[Stored items]
== Segment start ==

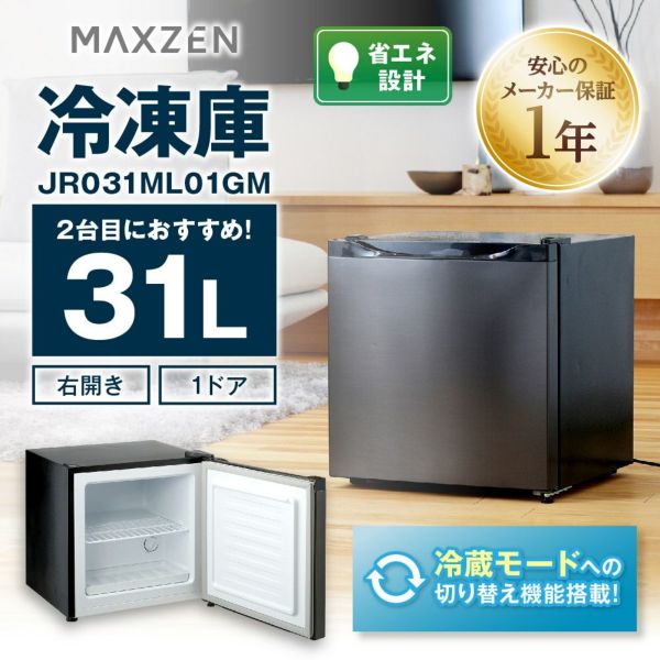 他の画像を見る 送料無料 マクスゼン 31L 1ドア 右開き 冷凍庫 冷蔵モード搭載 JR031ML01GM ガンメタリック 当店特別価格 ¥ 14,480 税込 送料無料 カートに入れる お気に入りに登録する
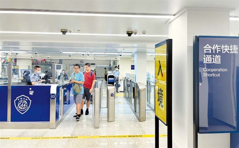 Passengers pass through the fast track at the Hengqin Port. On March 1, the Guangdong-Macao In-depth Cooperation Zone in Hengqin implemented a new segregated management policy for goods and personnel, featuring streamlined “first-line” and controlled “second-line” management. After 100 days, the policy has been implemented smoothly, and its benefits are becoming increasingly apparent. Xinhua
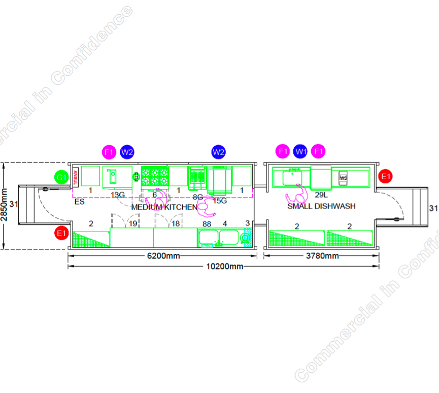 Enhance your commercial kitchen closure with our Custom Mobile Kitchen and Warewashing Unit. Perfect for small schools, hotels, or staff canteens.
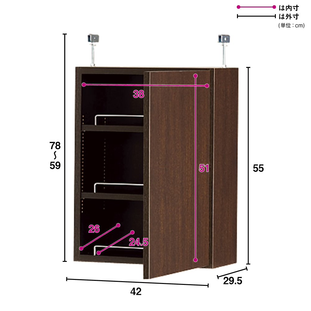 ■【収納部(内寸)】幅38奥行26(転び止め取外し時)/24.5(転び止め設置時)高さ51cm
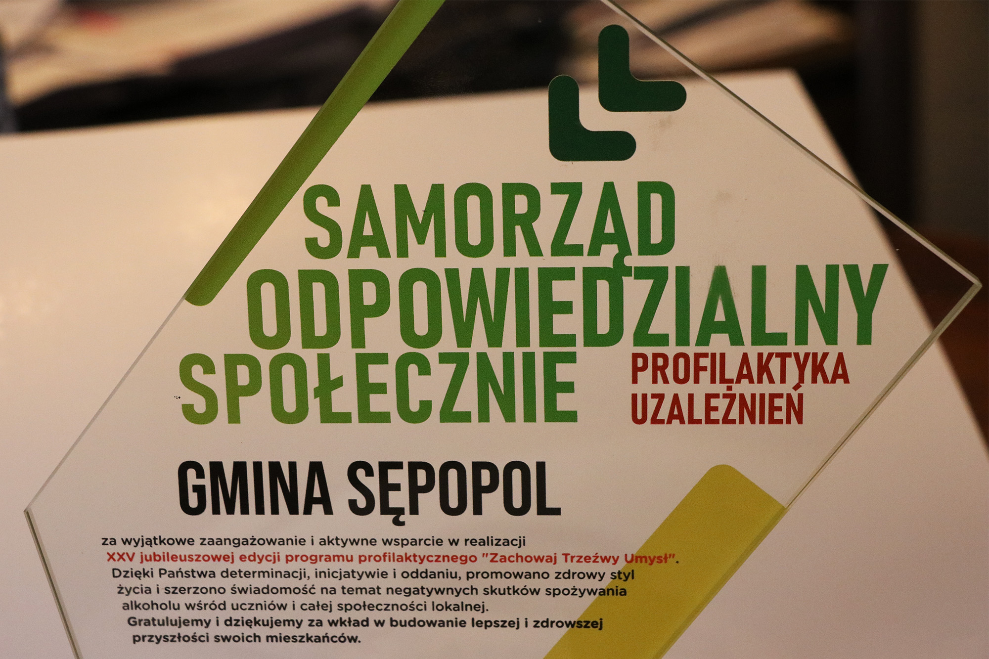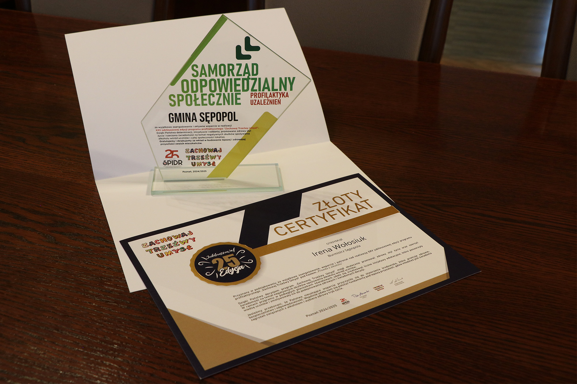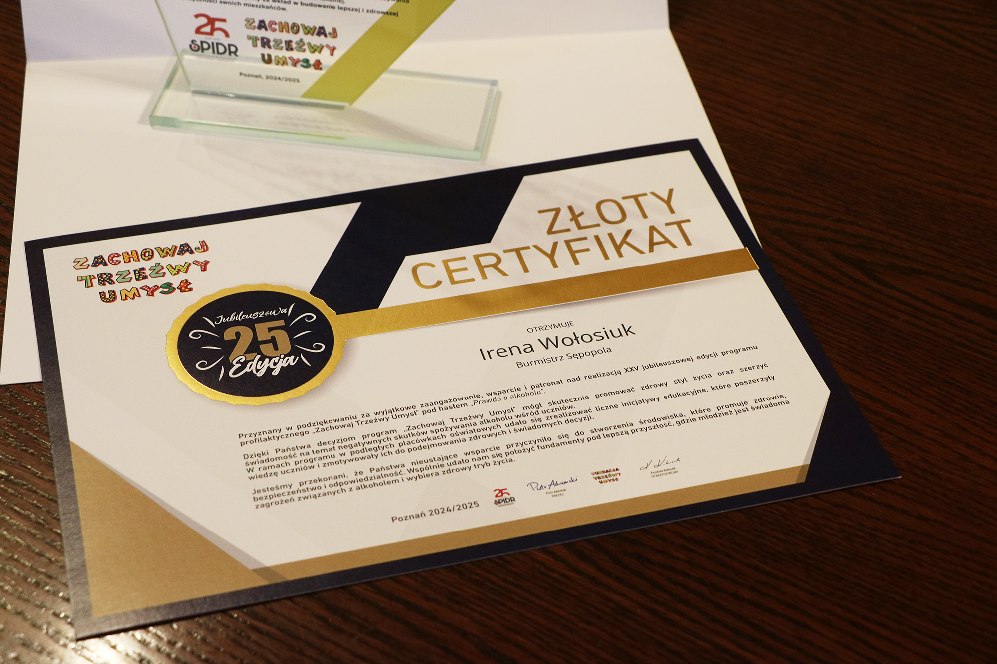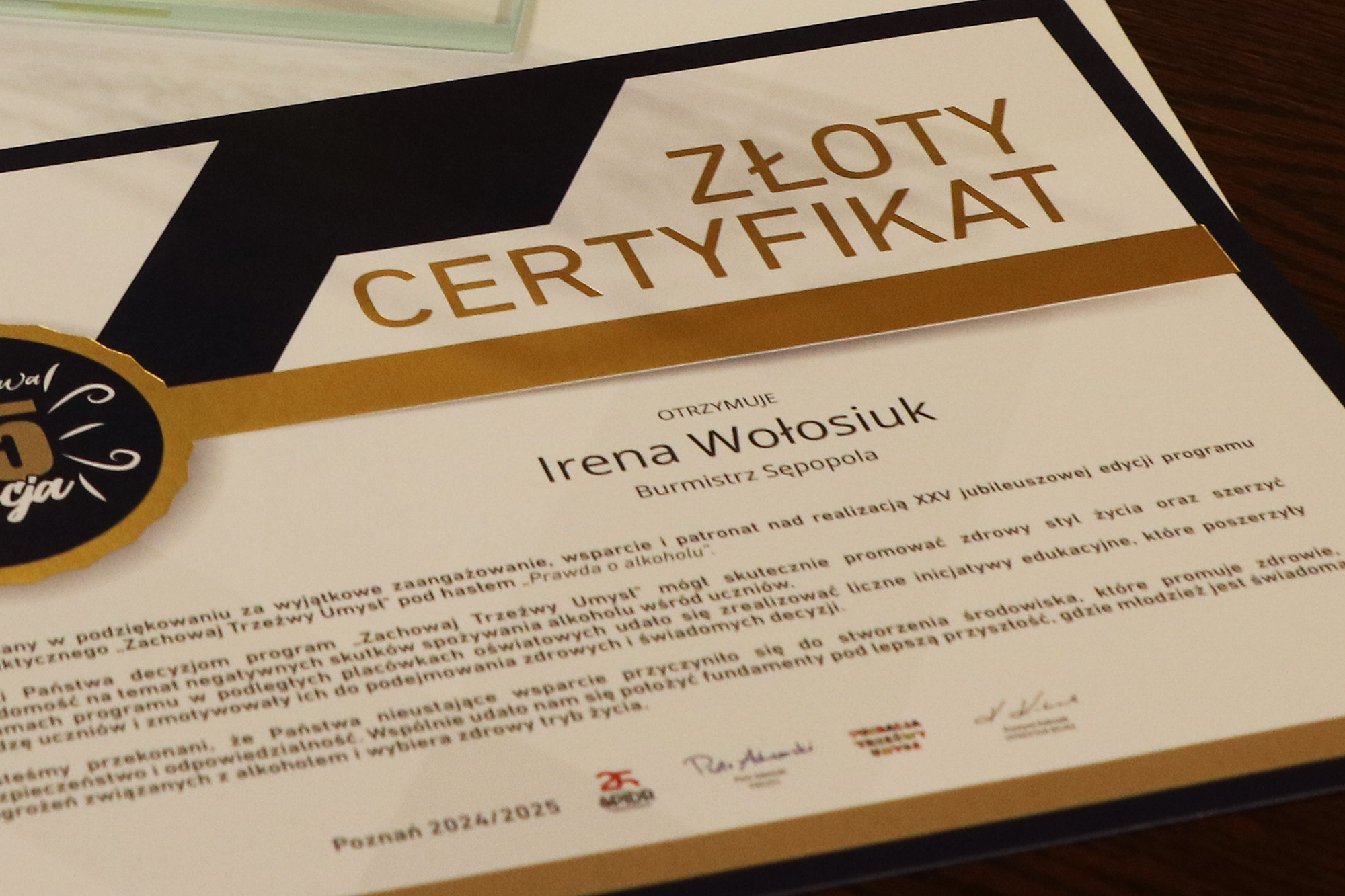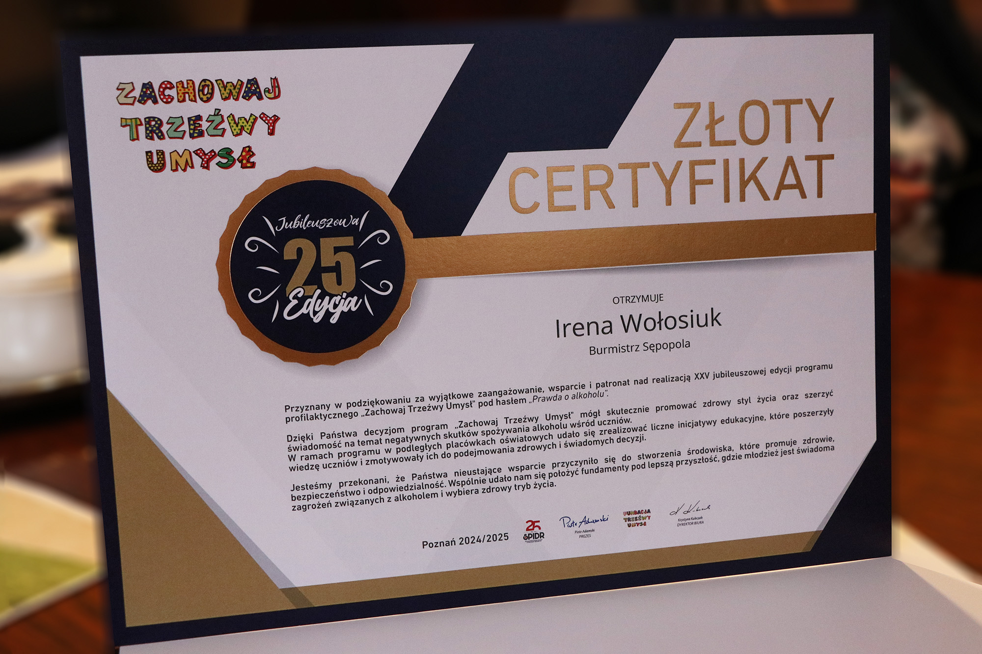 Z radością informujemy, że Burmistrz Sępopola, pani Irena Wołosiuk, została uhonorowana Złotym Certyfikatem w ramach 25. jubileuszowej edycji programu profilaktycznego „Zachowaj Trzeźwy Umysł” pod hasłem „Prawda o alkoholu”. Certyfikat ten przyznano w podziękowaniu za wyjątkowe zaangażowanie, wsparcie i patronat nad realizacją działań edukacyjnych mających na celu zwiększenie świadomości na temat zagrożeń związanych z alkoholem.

== Segment end ==

Transcribe exactly each line of the records from the start up to and including the one with "Passengers pass through", and leave out every picture.

 他の画像を見る 送料無料 マクスゼン 31L 1ドア 右開き 冷凍庫 冷蔵モード搭載 JR031ML01GM ガンメタリック 当店特別価格 ¥ 14,480 税込 送料無料 カートに入れる お気に入りに登録する
 Passengers pass through the fast track at the Hengqin Port. On March 1, the Guangdong-Macao In-depth Cooperation Zone in Hengqin implemented a new segregated management policy for goods and personnel, featuring streamlined “first-line” and controlled “second-line” management. After 100 days, the policy has been implemented smoothly, and its benefits are becoming increasingly apparent. Xinhua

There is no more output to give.